- [Exercise]: Could you transcribe exactly the lines below, from the line with "Descrizione Canotta fantasia" through the line with "На недельке пойду", and nothing else, leaving out the pictures?

- [Supplied records]:

***

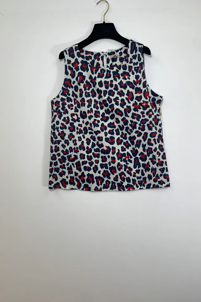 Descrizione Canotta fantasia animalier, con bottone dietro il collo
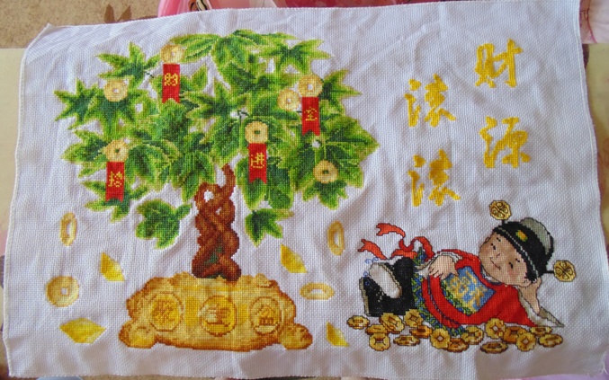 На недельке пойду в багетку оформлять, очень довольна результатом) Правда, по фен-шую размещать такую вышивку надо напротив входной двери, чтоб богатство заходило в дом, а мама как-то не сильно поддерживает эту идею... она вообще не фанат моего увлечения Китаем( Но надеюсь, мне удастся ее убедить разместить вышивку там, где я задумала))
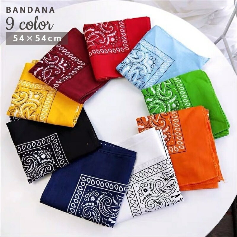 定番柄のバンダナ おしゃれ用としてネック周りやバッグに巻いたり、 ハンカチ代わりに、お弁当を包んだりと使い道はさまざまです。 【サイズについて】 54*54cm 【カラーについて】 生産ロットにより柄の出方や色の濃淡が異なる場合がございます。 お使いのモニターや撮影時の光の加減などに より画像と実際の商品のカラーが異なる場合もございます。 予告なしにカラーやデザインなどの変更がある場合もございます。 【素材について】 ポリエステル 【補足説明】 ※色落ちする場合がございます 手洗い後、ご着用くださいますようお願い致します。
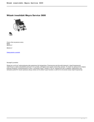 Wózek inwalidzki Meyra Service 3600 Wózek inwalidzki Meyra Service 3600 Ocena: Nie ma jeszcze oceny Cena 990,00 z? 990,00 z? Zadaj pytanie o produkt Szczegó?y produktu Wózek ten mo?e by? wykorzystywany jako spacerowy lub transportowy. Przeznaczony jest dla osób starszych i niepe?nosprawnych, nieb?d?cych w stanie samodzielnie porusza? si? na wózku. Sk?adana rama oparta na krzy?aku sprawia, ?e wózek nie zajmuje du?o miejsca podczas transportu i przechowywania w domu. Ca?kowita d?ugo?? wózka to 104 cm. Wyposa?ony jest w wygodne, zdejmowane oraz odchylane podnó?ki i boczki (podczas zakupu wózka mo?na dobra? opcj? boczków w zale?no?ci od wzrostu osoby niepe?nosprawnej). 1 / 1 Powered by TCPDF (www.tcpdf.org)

***

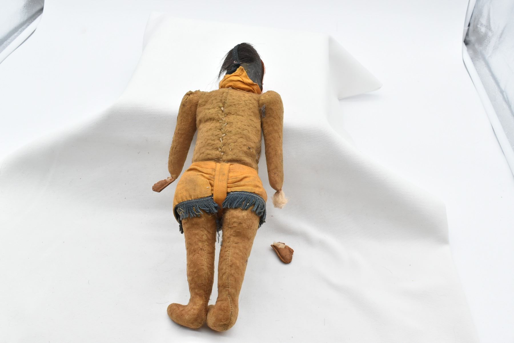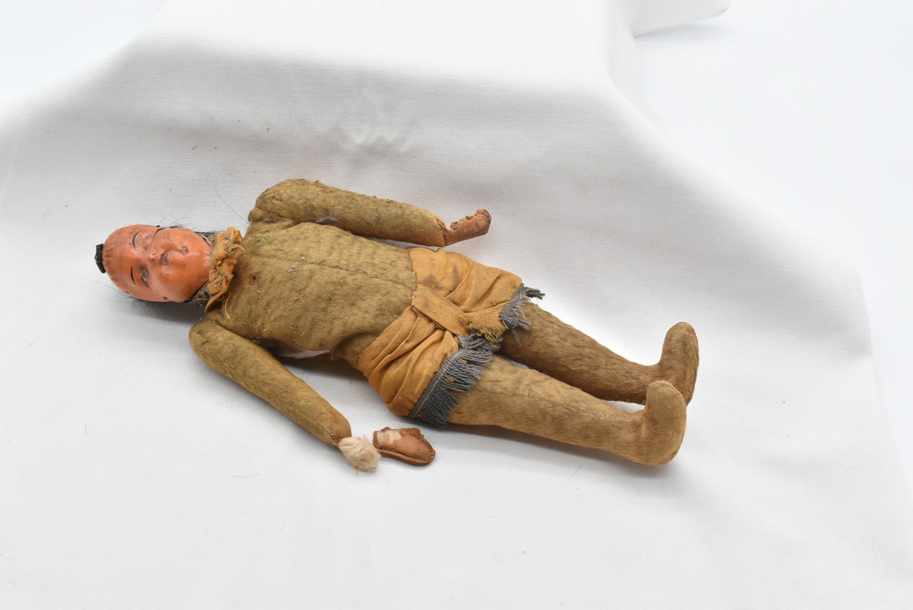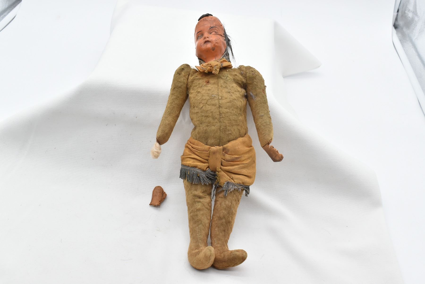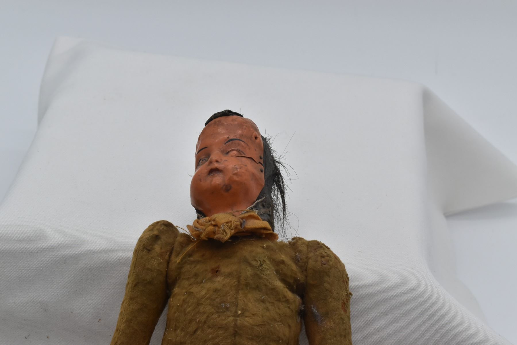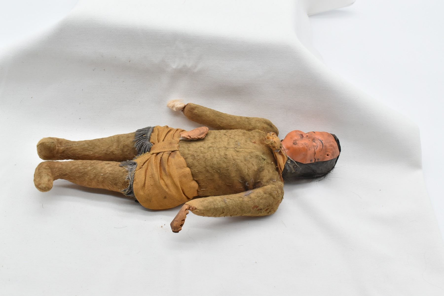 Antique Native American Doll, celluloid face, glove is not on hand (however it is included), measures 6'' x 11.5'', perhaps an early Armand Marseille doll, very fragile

***

- [Solution for this task]:
 Descrizione Canotta fantasia animalier, con bottone dietro il collo
 На недельке пойду в багетку оформлять, очень довольна результатом) Правда, по фен-шую размещать такую вышивку надо напротив входной двери, чтоб богатство заходило в дом, а мама как-то не сильно поддерживает эту идею... она вообще не фанат моего увлечения Китаем( Но надеюсь, мне удастся ее убедить разместить вышивку там, где я задумала))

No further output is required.